As we all know, geese love grass. Preferably growing grass. But not until I found Gosling hanging by her slender neck from a wire hanging flower basket did I realize that geese will even go for sphagnum moss in the dead of winter. Even if they have to jump two feet off the ground to get to it.
When I entered the garage, Mom and dad goose were making their pitiful squeaky door sound, instead of the normal full out honk. They normally go totally nuts when I touch their big baby. But this time, as I cradled Goslings body and eased her head up and out of the basket’s grip, the two older geese just stood by.

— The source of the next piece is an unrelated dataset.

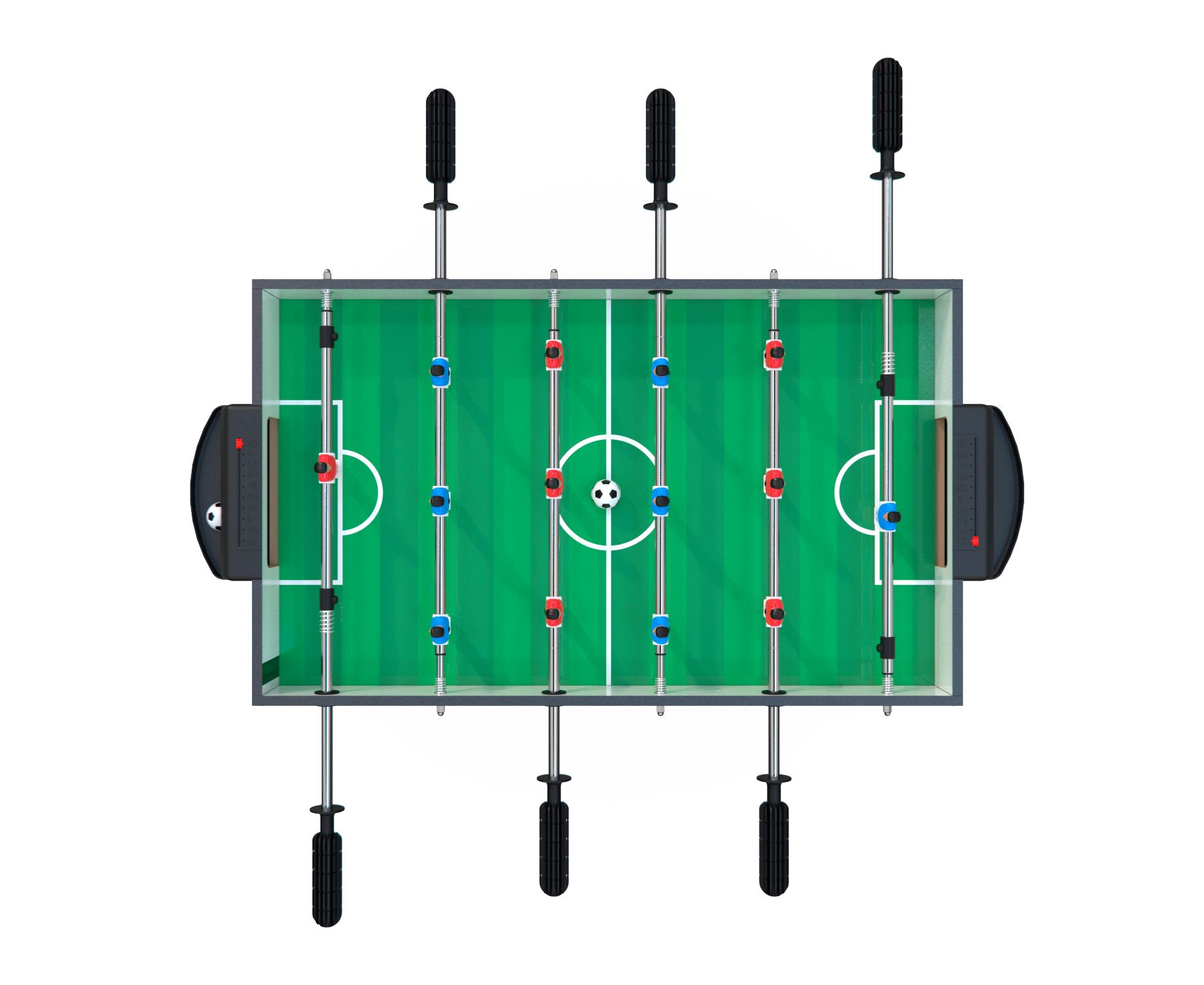 Утолщённые телескопические стержни диаметром 12,7 мм уже в сборе с игроками высотой 100 мм. Ножки толщиной 9 мм, перекладина между ножками толщиной 4,2 мм

Initially, it appeared Gosling was just weak, but not injured. So I gave her back to her parents. But once the pressure of the wire had worn off and circulation to her neck was restored, Goslings feathers began to go red with blood. This time, when I scooped her up, her parents went into their usual hysterics. They pecked at my heels as I swept Gosling into the house where I keep my vet supplies. Then they stood wing to wing at the back door waiting noisily for me to give her back to them.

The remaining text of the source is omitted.